The arguments in Twitter v. Taamneh follow those in a case with similar facts, Gonzalez v. Google, that explores whether tech platforms can be held responsible for promoting terrorist posts through their recommendation algorithms. In that case, the justices seemed reluctant to overhaul the key legal liability shield in question, Section 230 of the Communications Decency Act, which protects platforms from being held accountable for hosting their users’ posts. While many appeared sympathetic to a narrower reading of the law, several also seemed to prefer kicking the responsibility over to Congress.

In Wednesday’s case, such a consensus was more elusive, as justices tested a variety of hypotheticals on lawyers for either side as well as a representative for the U.S. government, which generally argued in favor of Twitter. U.S. Deputy Solicitor General Edwin Kneedler represented the U.S. government.

The question in the case is whether Twitter can be held accountable for aiding and abetting a specific international terrorist act because it did not take more aggressive action against terrorist content on its service, given that it generally works to moderate and remove terrorist content under its policies.

Twitter’s lawyer Seth Waxman argued that the company should not be held responsible for aiding and abetting terrorism in instances where it is not directly aware of the specific post or account in question. He said that to satisfy the anti-terrorism law’s standard for liability, Twitter would have had to provide substantial assistance to the act of terrorism and know their actions would provide such assistance.

Waxman tried to draw a distinction between an open and widely used service like Twitter and a bank that provides money to a terrorist, given Know Your Customer laws that would require a bank to collect more information before providing its services, creating a greater level of knowledge than Twitter would have.
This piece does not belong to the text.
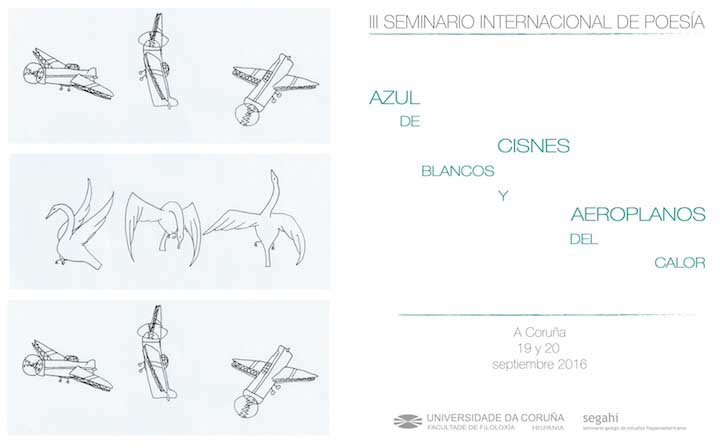 Los días 19 y 20 de septiembre de 2016 se celebrará en la Universidade da Coruña el III Seminario Internacional de Poesía: “Azul de cisnes blancos y aeroplanos del calor”, organizado por el grupo de investigación SEGAHI, Seminario Galego de Estudos Hispanoamericanos, dedicado a la poesía moderna y contemporánea. El título hace referencia a dos autores de la modernidad y la vanguardia: Rubén Darío y Vicente Huidobro.

Justice Samuel Alito said he could see two different arguments for how Twitter could win, but it’s difficult to say in each where to draw the line. The first argument would be that Twitter did not know its services would be used to carry out a specific attack and the second would be that Twitter didn’t substantially assist in the attack.

Justice Sonia Sotomayor noted that basing a win for Twitter on the knowing standard would be difficult “because willful blindness is something we have said can constitute knowledge.”

Justice Elena Kagan at one point asked Waxman whether Twitter could be held liable if it actually didn’t enforce any policy against terrorist content on its site. Waxman said he doesn’t think it could unless it also provided “affirmative assistance” to the terrorists.

Kagan seemed to disagree with that interpretation, saying it would be obvious in that scenario that Twitter was providing substantial assistance to terrorist activity, asking, “how could it be otherwise?”

Justice Amy Coney Barrett laid out a possible framework for a ruling in favor of Twitter in her questioning of Kneedler. Coney Barrett said such an opinion might say that in order to find Twitter liable for aiding and abetting the terrorist act, the complaint would have to prove that Twitter’s service was directly used toward the terrorist attack, not just general recruitment or radicalizing.

Coney Barrett also hypothesized that the justices could say there needs to be an allegation of specific knowledge of a terrorist act in order to find a service that’s “open to all comers” liable.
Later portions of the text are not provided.